Unyanyembe is the half-way station between Zanzibar and the lakes of interior Africa. It is simply a headquarters for slave stealers and a regular trading den for land pirates. Stanley

turned to the northwest before reaching this place, and in about the fifth degree south latitude came upon the water shed which separates the waters trending northward from those running southward. Here in a plain 5000 feet above the sea, and 2500 miles in a straight line from the Mediterranean, seemed clearly to be the most southerly limit of the Nile basin.

And here Stanley’s real difficulties began. The party suffered from want of food and lost their way. Sickness fell upon the camp, and Edward Pocock died. The natives themselves were hostile, and Mirambo, chief of the Ruga-Rugas, a noted freebooter, was in the neighborhood with his band of cut-throats. By and by the storm clouds burst in war, not with the bandits however, but with the Ituru tribe. The battle was fought for three days against great odds. It resulted in the complete discomfiture of the foe, but with a loss to Stanley of twenty-four killed and wounded. The weakened expedition moved on bearing twenty-five men on the sick list.

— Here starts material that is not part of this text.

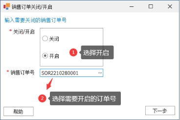 2)选择“开启”类型,然后输入销售订单号并点击下一步。如果输入的销售订单未被关闭则无法进入下一步,此步骤需要保证选择的销售订单时已被关闭状态
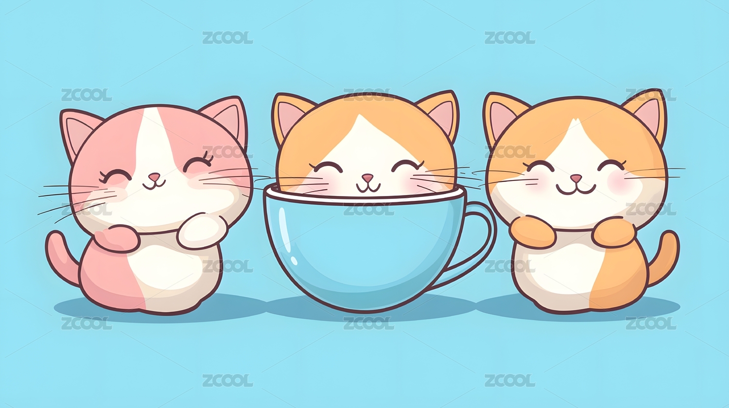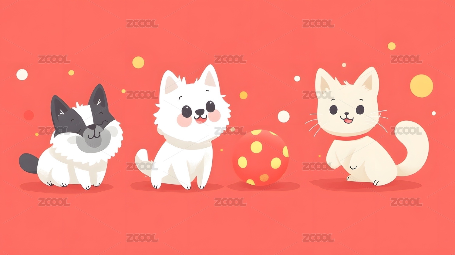 可爱的熊、狸猫、哈士奇、老虎、兔子形象矢量图

They were now in the valley of the Shimeeyu, an affluent of Victoria Nyanza from the south. It was followed through dense forests over which loomed enormous bare rocks like castles, and hillocks of splintered granite and gneiss, and then through fine rolling plains, rich in pasture lands, hedge inclosed villages and herds of wild and tame animals. Compared with what he had passed through it was a grand and glorious country.

Provisions could be had readily and cheaply—corn, potatoes, fruit, goats and chickens. The half starved men indulged in feasting and marched with recovered strength and confidence. Murmuring and doubt died away. The native attendants who had shown unmistakable proofs of faithfulness in the midst of trial were specially rewarded.

The lake was near at hand. As they dipped through the troughs of land, mounted ridge after ridge, crossed water courses and ravines, passed cultivated fields and through villages smelling of cattle, a loud hurrahing in front told that the great Lake Victoria Nyanza had been sighted. It was February 27, 1875. The spot was Kagehyi, not far from where Speke had struck it.